■ What this task involves:
Nothing but the lines from the top of the data to the line holding "- Define the" should be printed, word for word and both ends included; leave the pictures out.

■ Data:
——————

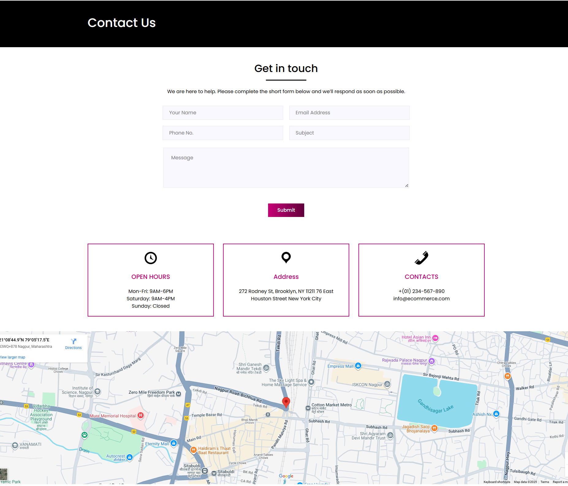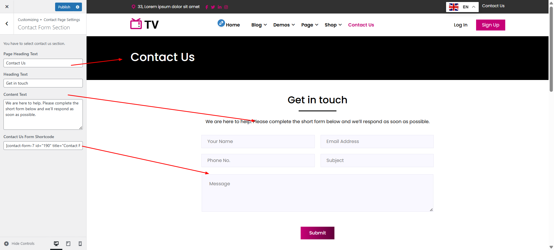 In the Dashboard, go to Appearance >> Customize >> Contact Page Settings >> Contact Form and Location Section
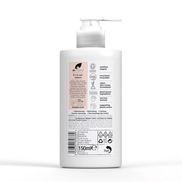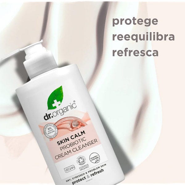 La Crema Limpiadora Probiótica Skin Calm de Dr. Organic es un limpiador suave y lechoso, diseñado para eliminar eficazmente impurezas, maquillaje y contaminación sin alterar la barrera natural de la piel.
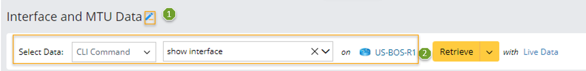 - Define the settings for collecting CLI Command data. In this example, select "CLI Command" of "show interface" as the retrieved command data and select the device US-BOS-R1 to retrieve data on it.
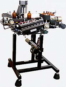 Этикетировочная машина выполнена в виде напольной рамы, на которой смонтированы: узел нанесения этикетки, с двумя или одной этикетировочными головками, узел перемещения тары, финишный транспортер возврата тары с нанесенной этикеткой к рабочему месту оператора, блок управления. Узел перемещения тары, в зависимости от формы тары и длины этикетки включает в себя:

——————

■ Expected output:
 In the Dashboard, go to Appearance >> Customize >> Contact Page Settings >> Contact Form and Location Section
 La Crema Limpiadora Probiótica Skin Calm de Dr. Organic es un limpiador suave y lechoso, diseñado para eliminar eficazmente impurezas, maquillaje y contaminación sin alterar la barrera natural de la piel.
 - Define the settings for collecting CLI Command data. In this example, select "CLI Command" of "show interface" as the retrieved command data and select the device US-BOS-R1 to retrieve data on it.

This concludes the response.